С этого момента, а особенно после знаменитой “Родины”, Белинский начинает возлагать на Некрасова как на поэта большие надежды, и отношения его к автору оригинальных стихотворений принимают нежный, почти любовный оттенок…
Посмотрим же, чем был Белинский для Некрасова. “Он видел во мне, – вспоминал впоследствии сам поэт, – богато одаренную натуру, которой недостает развития и образования. И вот около этого-то держались его беседы со мною, имевшие для меня значение поучения”. А каким обаянием веяло на Некрасова от личности Белинского, видно хотя бы из рассказа Достоевского о его первом знакомстве с Некрасовым по поводу “Бедных людей”: “В полчаса мы Бог знает сколько переговорили, с полслова понимая друг друга, с восклицаниями, торопясь, говорили и о поэзии, и о Гоголе, цитируя из “Ревизора” и из “Мертвых душ”, но главное – о Белинском. “Я ему сегодня же снесу вашу повесть, и вы увидите… Да ведь человек-то, человек-то какой! Вот вы познакомитесь, увидите, какая это душа!” – восторженно говорил Некрасов, тряся меня за плечи обеими руками… О знакомстве его с Белинским я мало знаю, но Белинский его угадал с самого начала и, может быть, сильно повлиял на настроение его поэзии. Несмотря на всю тогдашнюю молодость Некрасова и на разницу лет их, между ними, наверное, уж и тогда бывали такие минуты и уже сказаны были такие слова, которые влияют навек и связывают неразрывно”. Или вот какой разговор Некрасова с Добролюбовым передает в своих воспоминаниях Панаева-Головачева:
“"Жаль, что вы сами не знали этого человека! Я с каждым годом все сильнее чувствую, как важна для меня потеря его.
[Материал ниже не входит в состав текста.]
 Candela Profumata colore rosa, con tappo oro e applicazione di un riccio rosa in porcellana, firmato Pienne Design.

Я чаще стал видеть его во сне, и он живо рисуется перед моими глазами. Ясно припоминаю, как мы с ним вдвоем, часов до двух ночи, беседовали о литературе и о разных других предметах. После этого я всегда долго бродил по опустелым улицам в каком-то возбужденном настроении, столько было для меня нового в высказанных им мыслях… Вы вот вступили в литературу подготовленным, с твердыми принципами и ясными целями. А я?… Заняться своим образованием у меня не было времени, надо было думать о том, чтобы не умереть с голоду! Я попал в такой литературный кружок, в котором скорее можно было отупеть, чем развиться. Моя встреча с Белинским была для меня спасением… Что бы ему пожить подольше! Я был бы не тем человеком, каким теперь!" – Некрасов произнес последнюю фразу дрожащим голосом, быстро встал и ушел в кабинет”.
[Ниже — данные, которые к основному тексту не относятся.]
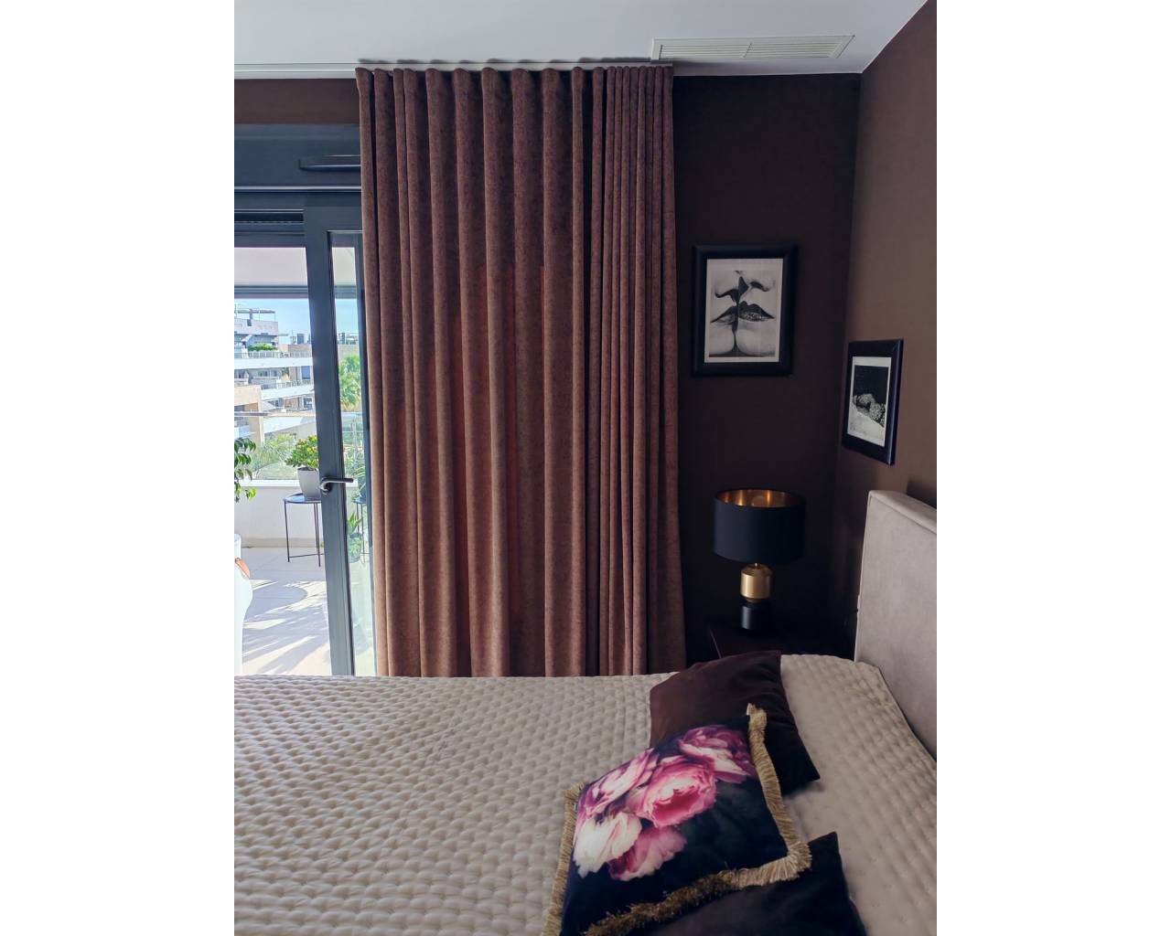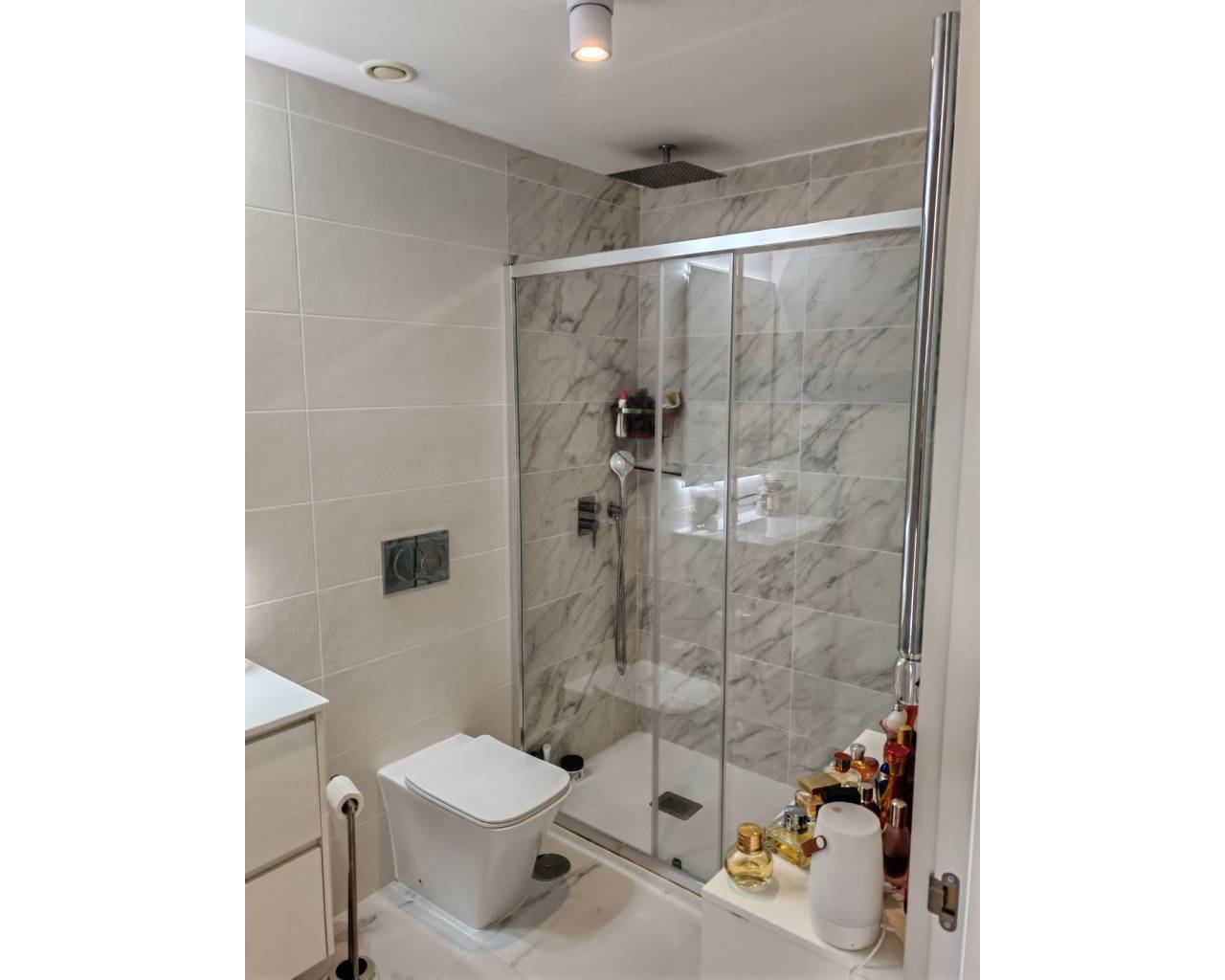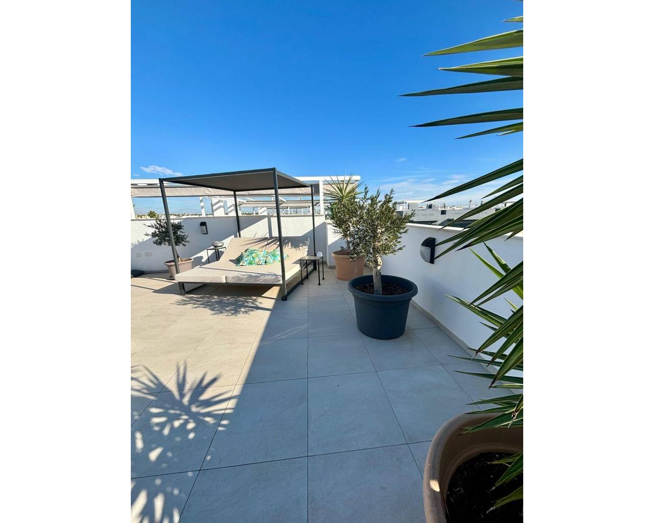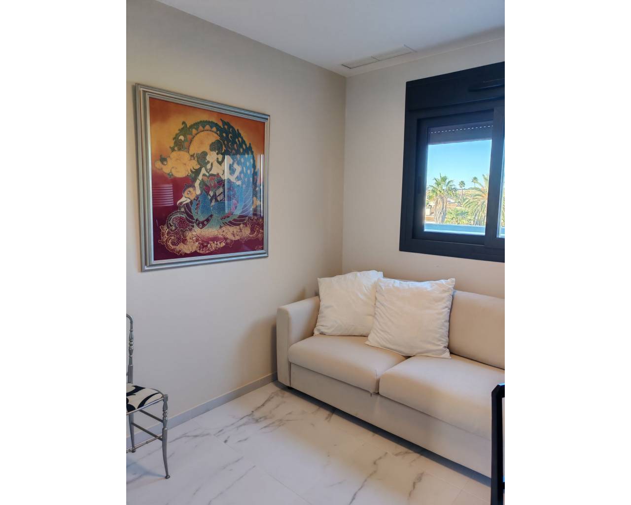 Dispone de 2 dormitorios y 2 baños, uno de ellos en suite. Amplio balcón con toldo y solárium privado con increíbles vistas al mar y a Orihuela Costa.

К воспоминаниям Панаевой во многих частностях позволительно относиться cum magno grano salis,[12 - Букв.: “с великой крупинкой соли”; с иронией (лат.).] но в данном случае показания ее нисколько не стоят в противоречии с отзывами самого Некрасова о Белинском, рассеянными во многих местах его стихотворений и поэм.[13 - “Памяти приятеля” (1853); “О погоде” (1859); “Ликует враг” (1866); “Медвежья охота” (1867); “Кому на Руси жить хорошо” (1873); не вошедшая до сих пор в собрание стихотворений Некрасова поэма “Белинский”… На смертном уже одре поэт не раз вспоминает своего учителя и записывает в дневнике от 16 июня 1877 года: “Любимое стихотворение Белинского было -В степи мирской, печальной и безбрежной…”] Не станем цитировать всем известную знаменитую тираду из “Медвежьей охоты”, обращенную к “многострадальной тени” великого “учителя”, научившего русское общество “гуманно мыслить”. Но есть у Некрасова еще одно произведение, в главном герое которого изображен, думается нам, также Белинский: это – Крот из второй части “Несчастных”. Если никто не замечает обыкновенно поразительного сходства этой фигуры с личностью Белинского, то, конечно, лишь благодаря Достоевскому, который пустил в обращение совсем иное толкование. “Однажды, в 63-м, кажется, году, – рассказывает он в “Дневнике писателя”, – отдавая мне томик своих стихов, Некрасов указал мне на одно стихотворение, “Несчастные”, и внушительно сказал: я тут об вас думал, когда писал это (т. е. об моей жизни в Сибири), – это об вас написано”. На этом основании и сложилось распространенное до сих пор мнение, будто Крот Некрасова – Достоевский… Но во-первых – и по рассказу самого Достоевского – Некрасов отнюдь не сказал, что именно в образе Крота изобразил его: он только вообще думал о горькой судьбе Достоевского, сочиняя “Несчастных” (что и без его признания не подлежит, конечно, сомнению). Что касается Крота, то с автором “Записок из Мертвого дома” в нем положительно ничего нет общего.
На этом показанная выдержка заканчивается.